Materials and Methods

Ethical approval

This study was performed according to the regulation and procedures approved by the Ethics Committee on Animal Experimentation of the Faculty of Veterinary Medicine, New Valley University, and the guide for the care and use of animals (National Institute of Health Publication No. 8023, revised 1978).

Study period and study area

This study was conducted from January 2018 to December 2018 in El-Kharga city, New Valley Governorate, Egypt, located on the west of Nile Valley between 25°26′56″ N latitude and 30°32′24″ E longitude. El-Kharga Oasis is located southwest of Egypt and is situated 600 km to the south of Cairo Governorate.

Experimental design

The El-Kharga Municipal abattoir was visited throughout the study period. A total of 226 cattle were inspected during postmortem examination, with collection of the blood samples before slaughtering.

Sample collection

The blood samples were collected in plain vacutainers and placed at an inclined position for 20 min at room temperature. Thereafter, they were placed in the refrigerator to avoid glycolysis and complete clot retraction. Then, the samples were centrifuged at 3000 rpm for 10 min until the clear serum was separated, which was carefully collected and stored in Eppendorf tubes at −80°C until biochemical assessments.

Slaughterhouse study

An active slaughterhouse survey was conducted using a cross-sectional study design during the postmortem examination of randomly selected cattle slaughtered at the El-Kharga abattoir.
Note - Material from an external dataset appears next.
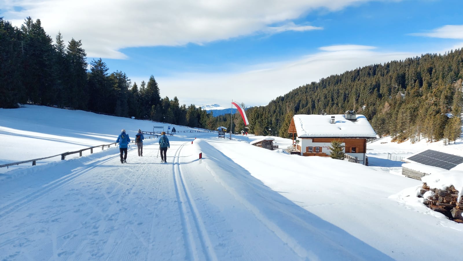 Difficile sbagliare: da qui parte solo una strada, in inverno appunto coperta di neve. Superflue anche le ciaspole, essendo la strada ben battuta per gli sciatori di fondo. Se proprio potrebbero essere utili nel ritorno nel caso in cui la neve tendesse ad essere un po’ più morbida.
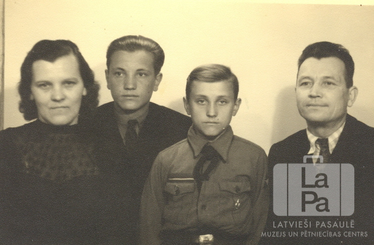 Punduru ģimenes portrets Fišbahā (amerikāņu zonā). No kreisās: Lidija Pundurs, Vitālijs Pundurs, Ēvalds Pundurs un ? Pundurs.

During the antemortem examination, the age and sex of the animal were recorded according to the Egyptian legislations for meat inspection, wherein slaughtering of cattle and female bovines is not allowed before all the permanent teeth have erupted(over a period of 5 years), whereas male bovines and cattle are approved for slaughtering after 2 years.
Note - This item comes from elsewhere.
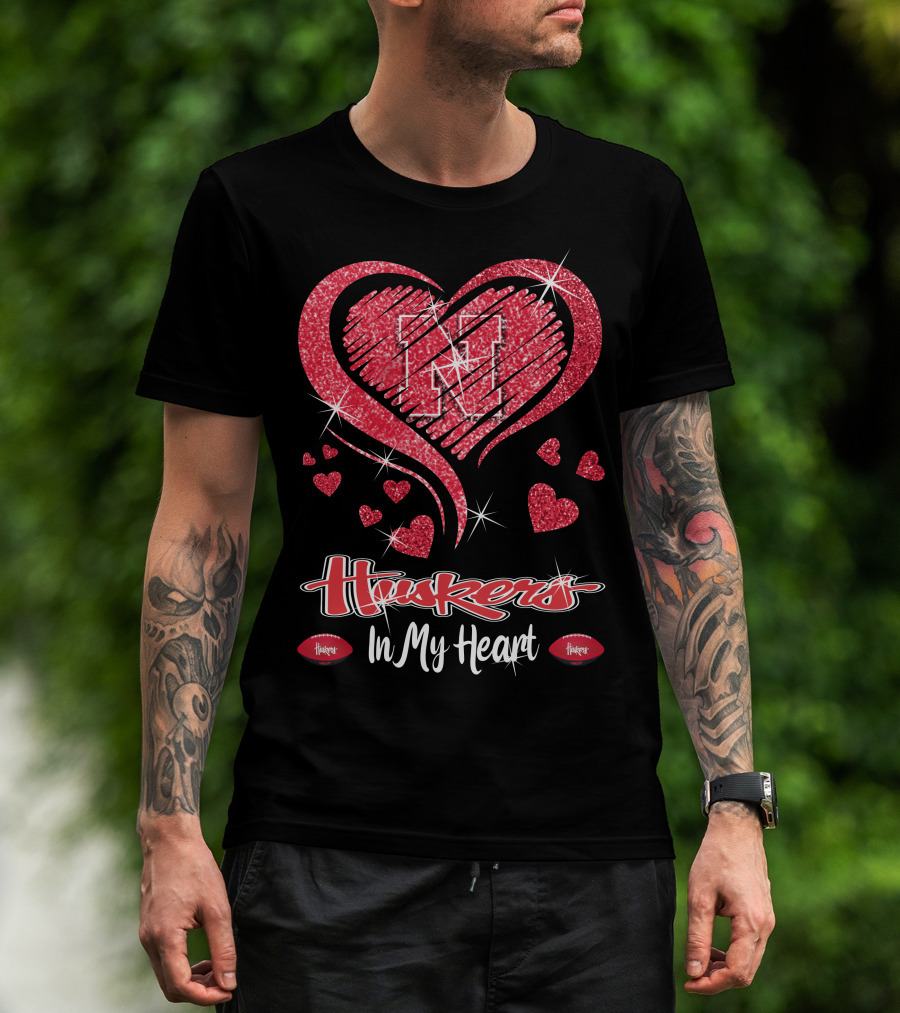 Huskers In My Heart Nebraska Cornhuskers Football Hearts T-Shirt

During the postmortem examination, each liver was superficially inspected, palpated, and incised according to the routine meat inspection procedure described by Yatswako and Alhaji [13].

Based on antemortem and postmortem examinations, ten apparently healthy cattle and not suffering from any health problems with apparently normal livers were kept as normal healthy control.
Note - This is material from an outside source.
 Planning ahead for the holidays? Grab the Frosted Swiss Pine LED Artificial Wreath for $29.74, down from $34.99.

All the livers harboring Fasciola spp. that were condemned, were recorded, and the flukes were collected for species identification, as described by Martínez-Pérez [14].

Serum biochemical analysis

ALT, AST, urea, and creatinine levels were analyzed using commercial kits (Human Co. Germany). Oxidative stress was determined by measuring the serum glutathione (GSH), malondialdehyde (MDA), and nitric oxide (NO) levels and the total antioxidant capacity (TAC) using commercial kits (Biodiagnostic Egypt). All serum biochemical and oxidative stress parameters were measured spectrophotometrically (5010 V5+, photometer, RIELE Co. Germany), according to the manufacturer’s instructions.

GDH and GGT levels were determined using an enzyme-linked immunosorbent assay kit for GDH level was determined, Organism Species: Bovine (Cattle), Cloud-Clone Corp, USA. Enzymatic kinetic assay for quantitative determination of serum GGT (Pointe Scientific, USA) concentration was conducted spectrophotometrically (5010 V5+, photometer, RIELE Co. Germany), according to the manufacturer’s instructions.

Immunological studies

Immunological parameters (IFN-γ, IL-4, IL-10, and TGFβ1) were assayed using bovine IFN-gamma and bovine IL-4 ELISA Kit (RayBiotech, USA) and bovine IL-10 and bovine TGFβ1 ELISA Kits (Cusabio, USA).

Statistical analysis

Data on the serum levels of biochemical, immunological, and oxidative stress parameters were statistically analyzed by independent samples t-test using SPSS Version 23.0 (IBM Corp. Armonk, NY, USA).

Results

Of the total 226 liver samples obtained from the cattle slaughtered at the El-Kharga abattoir, 38 (16.81%) were positive for F. hepatica, as revealed by the postmortem examination (Figure-1). The two highest percentages of infections were recorded in May 2018 (26.67%) and December 2018 (23.08%).

Figure-1

The macroscopic examination detected the liver fluke in the liver of cattle carcasses. (a and b) the number of the adult parasites and the presence of cirrhosis, cholangitis, cholangitis purulenta, cirrhosis hepatitis in the postmortem inspection.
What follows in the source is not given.